While your upstream systems can be a single service, or multiple microservices and typically does not store historical change, a warehouse is designed to be the single source of truth of all the historical information you’d need about your company. See the simple example below:
7.1 OLTP vs OLAP-based data warehouses
There are two primary types of databases: OLTP (Online Transaction Processing) and OLAP (Online Analytical Processing). Their differences are shown below.
OLTP | OLAP | |
---|---|---|
Stands for | Online transaction processing | Online analytical processing |
Usage pattern | Optimized for fast CRUD(create, read, update, delete) of a small number of rows | Optimized for running select c1, c2, sum(c3),.. where .. group by on a large number of rows (aka analytical queries), and ingesting large amounts of data via bulk import or event stream |
Storage type | Row oriented | Column-oriented |
Data modeling | Data modeling is based on normalization | Data modeling is based on denormalization. Some popular ones are dimensional modeling and data vaults |
Data state | Represents current state of the data | Contains historical events that have already happened |
Data size | Gigabytes to Terabytes | Terabytes and above |
Example database | MySQL, Postgres, etc | Clickhouse, AWS Redshift, Snowflake, GCP BigQuery, etc |
Note Apache Spark started as a pure data processing system, and over time, with the increased need for structure, it introduced capabilities to manage tables.

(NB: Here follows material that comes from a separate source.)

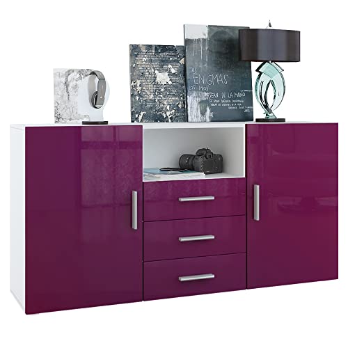 Vladon Credenza Skadu, mobile con 2 ante, 3 cassetti e 1 scomparto a giorno, bianco opaco/violetto porpora lucido (138,5 x 71,5 x 35 cm)

7.2 Column encoding enables efficient processing of a small number of columns from a wide table
The significant improvement in analytical queries on OLAP is attributed to its column-store technique. Let’s consider a table items
, with the data shown below.
item_id | item_name | item_type | item_price | datetime_created | datetime_updated |
---|---|---|---|---|---|
1 | item_1 | gaming | 10 | ‘2021-10-02 00:00:00’ | ‘2021-11-02 13:00:00’ |
2 | item_2 | gaming | 20 | ‘2021-10-02 01:00:00’ | ‘2021-11-02 14:00:00’ |
3 | item_3 | biking | 30 | ‘2021-10-02 02:00:00’ | ‘2021-11-02 15:00:00’ |
4 | item_4 | surfing | 40 | ‘2021-10-02 03:00:00’ | ‘2021-11-02 16:00:00’ |
5 | item_5 | biking | 50 | ‘2021-10-02 04:00:00’ | ‘2021-11-02 17:00:00’ |
Let’s see how this table will be stored in a row- and column-oriented storage system. Data is stored as continuous pages (a group of records) on the disk.
Row-oriented storage:
Let’s assume that there is one row per page.

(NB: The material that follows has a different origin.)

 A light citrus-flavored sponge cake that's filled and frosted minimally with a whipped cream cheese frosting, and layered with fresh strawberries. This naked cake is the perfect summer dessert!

Page 1: [1,item_1,gaming,10,'2021-10-02 00:00:00','2021-11-02 13:00:00'],
Page 2: [2,item_2,gaming,20,'2021-10-02 01:00:00','2021-11-02 14:00:00']
Page 3: [3,item_3,biking,30, '2021-10-02 02:00:00','2021-11-02 15:00:00'],
Page 4: [4,item_4,surfing,40, '2021-10-02 03:00:00','2021-11-02 16:00:00'],
Page 5: [5,item_5,biking,50, '2021-10-02 04:00:00','2021-11-02 17:00:00']
Column-oriented storage:
Let’s assume that there is one column per page.
Page 1: [1,2,3,4,5],
Page 2: [item_1,item_2,item_3,item_4,item_5],
Page 3: [gaming,gaming,biking,surfing,biking],
Page 4: [10,20,30,40,50],
Page 5: ['2021-10-02 00:00:00','2021-10-02 01:00:00','2021-10-02 02:00:00','2021-10-02 03:00:00','2021-10-02 04:00:00'],
Page 6: ['2021-11-02 13:00:00','2021-11-02 14:00:00','2021-11-02 15:00:00','2021-11-02 16:00:00','2021-11-02 17:00:00']
Let’s see how a simple analytical query will be executed.
SELECT item_type,
SUM(price) total_price
FROM items
GROUP BY item_type;
In a row-oriented database
- All the pages will need to be loaded into memory
- Sum
price
column for the sameitem_type
values
In a column-oriented database
- Only pages 3 and 4 will need to be loaded into memory. The information on pages 3 and 4, including item_type and total_price, will be encoded in the column-oriented file and also stored in an OLTP called metadata db.
- Sum
price
column for the sameitem_type
values
As you can see from this approach, we only need to read 2 pages in a column-oriented database, compared to 5 pages in a row-oriented database. In addition to this, a column-oriented database also provides
- Better compression, as similar data types follow each other and can be compressed more efficiently.
- Vectorized processing
All of these features make a column-oriented database an excellent choice for storing and analyzing large amounts of data.